Ingrid : « Je n’avais pas vu Petra depuis cinquante ans, mais quand elle est sortie de la voiture, je l’ai tout de suite reconnue. Ses beaux yeux noirs et ce visage expressif. C’était comme revoir cette fillette de deux ans, mais en tant que femme adulte. J’étais raide sur les nerfs, mais aussi si heureux de la voir. C’était le moment que j’avais espéré pendant toutes ces années.
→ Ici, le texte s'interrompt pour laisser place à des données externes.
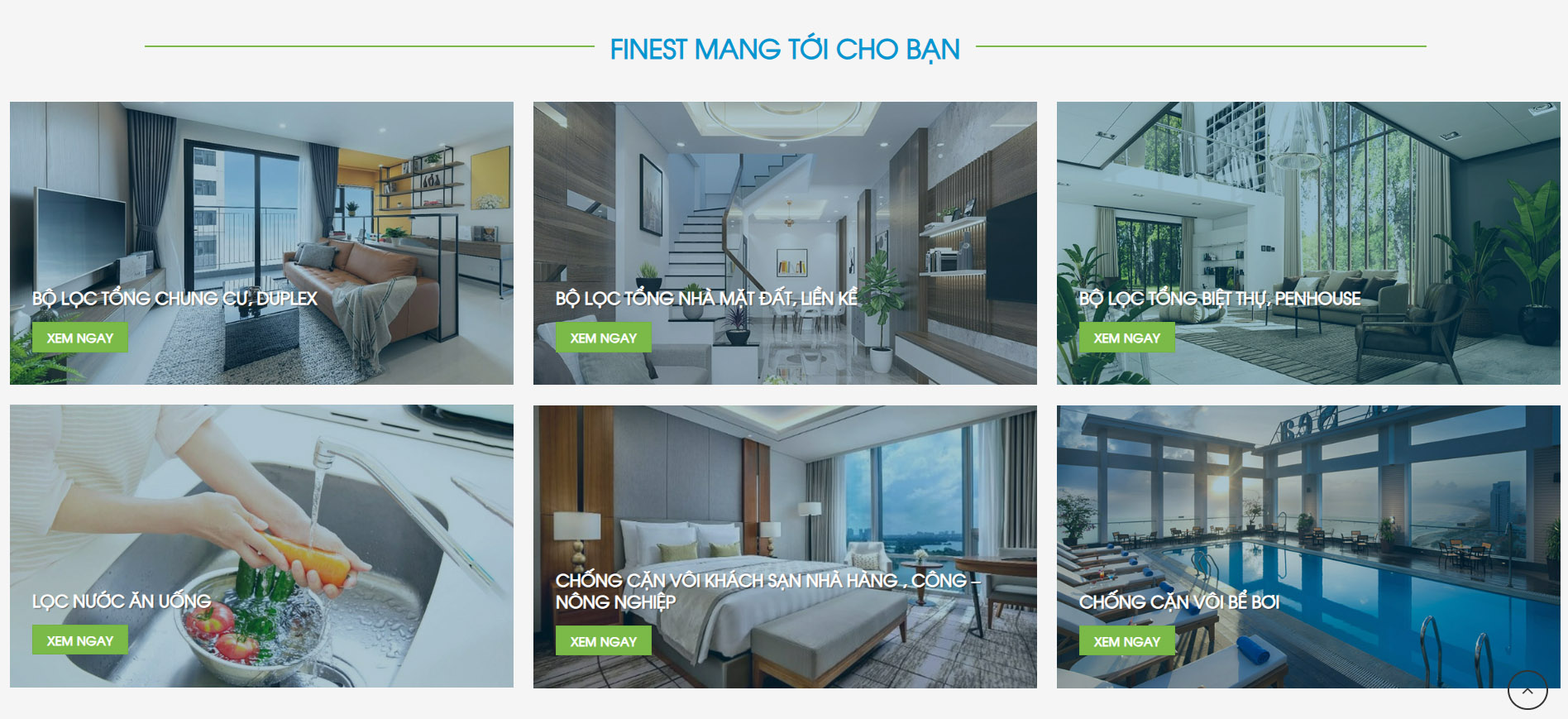 Để đem đến cho người sử dụng một trải nghiệm tốt nhất. Finest đã nghiên cứu và lựa chọn những sản phẩm, bộ sản phẩm phù hợp với từng nhu cầu rất rõ ràng. Như lọc tổng dành cho chung cư, cho nhà phố, hay cho biệt thự, penhouse… Đều là những sản phẩm riêng biệt, có lưu lượng lọc và công suất hoạt động khác nhau. Nhằm đảm bảo khả năng hoạt động tối ưu.
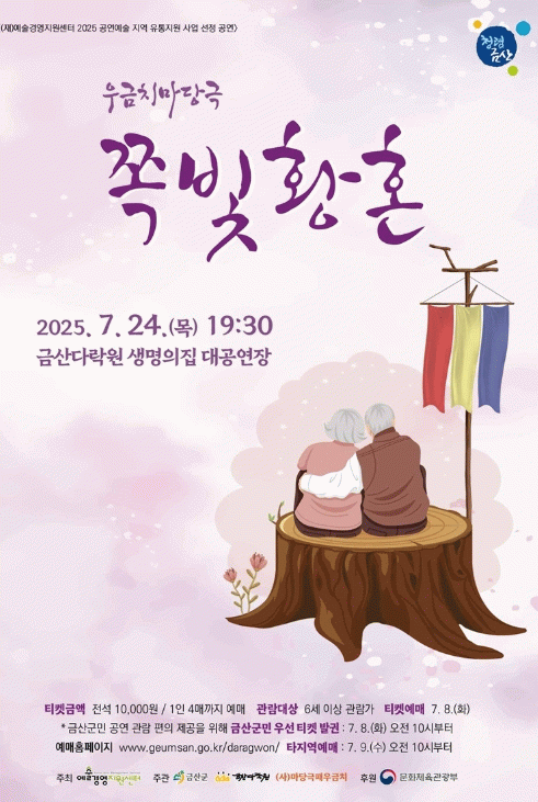 군 관계자는 “이번 공연은 전통 마당극의 흥겨움과 삶의 철학을 동시에 느낄 수 있는 무대가 될 것”이라며 “금산군민에게 먼저 예매 기회가 진행되는 점 참고해 주시길 바란다”고 말했다.

Pétra : « J’étais aussi tendu, mais même pas à cause de la rencontre. Je pensais que c’était beaucoup plus excitant s’il y aurait un déclic entre nous. Et si on ne s’aimait pas ou si on ne ressentait pas le besoin de se revoir ? Alors tout cela ne servirait à rien. Ces soucis se sont avérés inutiles, car après un câlin maladroit, j’ai eu l’impression que cela n’avait jamais été différent.

En regardant

Ingrid : « Cela n’a jamais été mon souhait d’abandonner Petra. J’avais dix-neuf ans quand je suis tombée enceinte de façon inattendue, ce qui était très inhabituel à l’époque. J’étais une gêne pour la famille et je n’avais absolument pas le droit d’en parler. Il n’y avait aucun doute que j’abandonnerais l’enfant. Le père de Petra ne voulait rien savoir d’elle non plus et comment étais-je censé élever un enfant seul ? Je vivais dans une maison de retraite et suivais encore une formation d’infirmière.
J’avais l’impression de n’avoir pas le choix, peu importe à quel point ça faisait mal. Petra a été placée dans un foyer pour enfants, où je lui ai souvent rendu visite pendant les deux premières années et demie de sa vie. Ensuite, je jouais avec elle, nous allions nous promener ensemble et parfois j’avais même le droit de l’emmener chez la sœur pour une nuit. Mes parents étaient au courant et tant que cela restait sous le radar, ils étaient d’accord. À l’époque, j’espérais encore tomber sur un homme qui voudrait m’aider à élever Petra, mais cela ne s’est pas produit.
Après deux ans et demi, ma fille a été placée en famille d’accueil et j’ai dû lui dire au revoir. Ce fut l’un des moments les plus difficiles de ma vie. Pour me protéger, j’ai repoussé la douleur et la tristesse. J’ai continué ma vie et j’ai essayé d’en faire quelque chose.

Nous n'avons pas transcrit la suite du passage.